◆ Data:

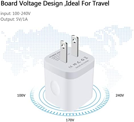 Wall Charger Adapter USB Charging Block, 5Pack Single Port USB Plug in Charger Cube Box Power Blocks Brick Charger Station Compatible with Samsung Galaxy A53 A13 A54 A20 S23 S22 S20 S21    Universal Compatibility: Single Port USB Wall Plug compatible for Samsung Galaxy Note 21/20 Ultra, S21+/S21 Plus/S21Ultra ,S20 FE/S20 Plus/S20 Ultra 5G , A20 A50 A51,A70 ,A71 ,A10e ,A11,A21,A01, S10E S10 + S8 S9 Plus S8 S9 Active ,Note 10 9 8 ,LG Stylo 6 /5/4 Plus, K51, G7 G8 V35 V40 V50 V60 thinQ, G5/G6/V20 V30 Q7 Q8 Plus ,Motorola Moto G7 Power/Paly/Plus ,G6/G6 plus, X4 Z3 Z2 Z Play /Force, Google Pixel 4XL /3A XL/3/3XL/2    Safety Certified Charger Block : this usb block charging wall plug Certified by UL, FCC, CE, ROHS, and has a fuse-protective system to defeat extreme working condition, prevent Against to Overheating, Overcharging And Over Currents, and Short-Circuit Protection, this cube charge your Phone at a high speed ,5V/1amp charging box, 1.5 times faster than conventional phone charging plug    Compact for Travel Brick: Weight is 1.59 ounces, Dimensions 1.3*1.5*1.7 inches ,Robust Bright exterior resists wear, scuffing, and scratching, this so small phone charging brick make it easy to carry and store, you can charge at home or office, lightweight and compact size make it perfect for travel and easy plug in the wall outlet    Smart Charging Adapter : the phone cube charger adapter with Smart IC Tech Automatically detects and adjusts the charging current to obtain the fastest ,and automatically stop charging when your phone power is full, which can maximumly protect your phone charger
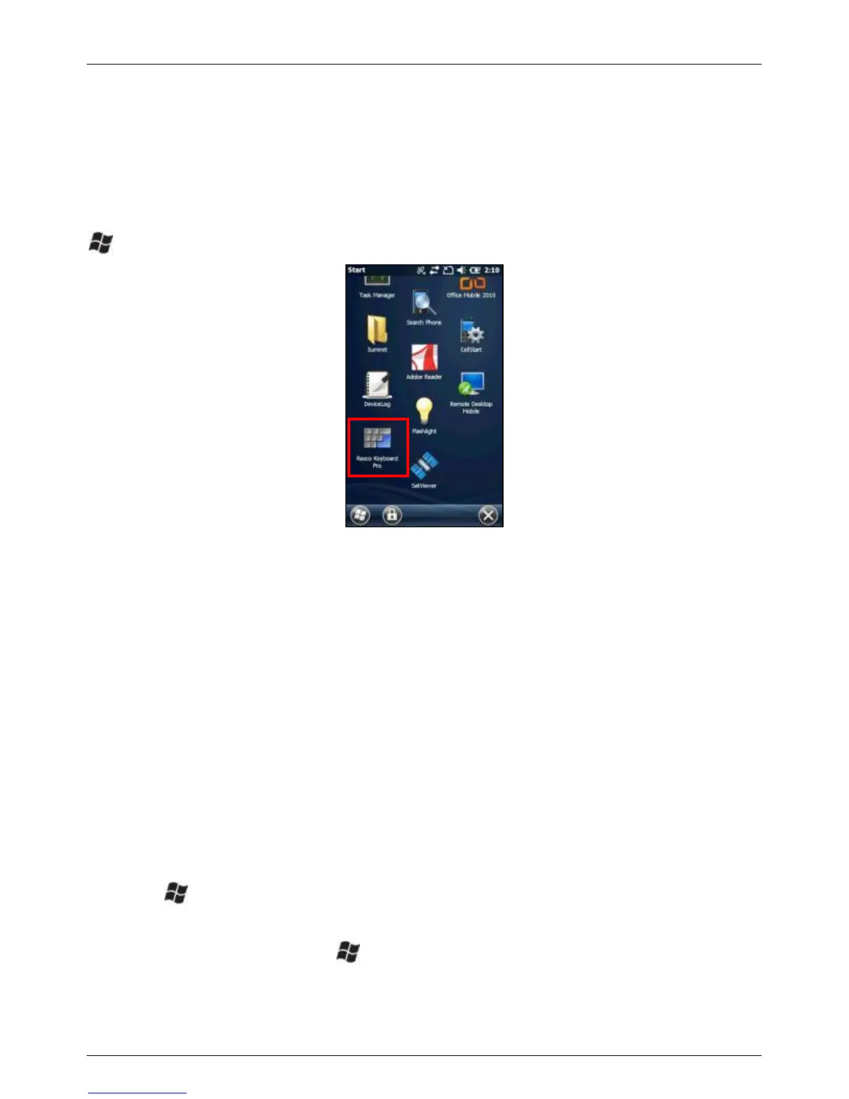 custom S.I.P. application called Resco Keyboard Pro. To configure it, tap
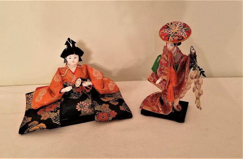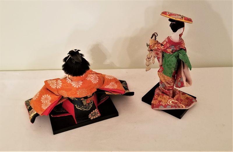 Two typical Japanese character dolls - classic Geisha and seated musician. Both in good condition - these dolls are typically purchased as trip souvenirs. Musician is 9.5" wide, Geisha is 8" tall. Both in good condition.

◆ Work to complete: Every line above must be printed again exactly, pictures excluded.

◆ Worked solution:
 Wall Charger Adapter USB Charging Block, 5Pack Single Port USB Plug in Charger Cube Box Power Blocks Brick Charger Station Compatible with Samsung Galaxy A53 A13 A54 A20 S23 S22 S20 S21    Universal Compatibility: Single Port USB Wall Plug compatible for Samsung Galaxy Note 21/20 Ultra, S21+/S21 Plus/S21Ultra ,S20 FE/S20 Plus/S20 Ultra 5G , A20 A50 A51,A70 ,A71 ,A10e ,A11,A21,A01, S10E S10 + S8 S9 Plus S8 S9 Active ,Note 10 9 8 ,LG Stylo 6 /5/4 Plus, K51, G7 G8 V35 V40 V50 V60 thinQ, G5/G6/V20 V30 Q7 Q8 Plus ,Motorola Moto G7 Power/Paly/Plus ,G6/G6 plus, X4 Z3 Z2 Z Play /Force, Google Pixel 4XL /3A XL/3/3XL/2    Safety Certified Charger Block : this usb block charging wall plug Certified by UL, FCC, CE, ROHS, and has a fuse-protective system to defeat extreme working condition, prevent Against to Overheating, Overcharging And Over Currents, and Short-Circuit Protection, this cube charge your Phone at a high speed ,5V/1amp charging box, 1.5 times faster than conventional phone charging plug    Compact for Travel Brick: Weight is 1.59 ounces, Dimensions 1.3*1.5*1.7 inches ,Robust Bright exterior resists wear, scuffing, and scratching, this so small phone charging brick make it easy to carry and store, you can charge at home or office, lightweight and compact size make it perfect for travel and easy plug in the wall outlet    Smart Charging Adapter : the phone cube charger adapter with Smart IC Tech Automatically detects and adjusts the charging current to obtain the fastest ,and automatically stop charging when your phone power is full, which can maximumly protect your phone charger
 custom S.I.P. application called Resco Keyboard Pro. To configure it, tap
 Two typical Japanese character dolls - classic Geisha and seated musician. Both in good condition - these dolls are typically purchased as trip souvenirs. Musician is 9.5" wide, Geisha is 8" tall. Both in good condition.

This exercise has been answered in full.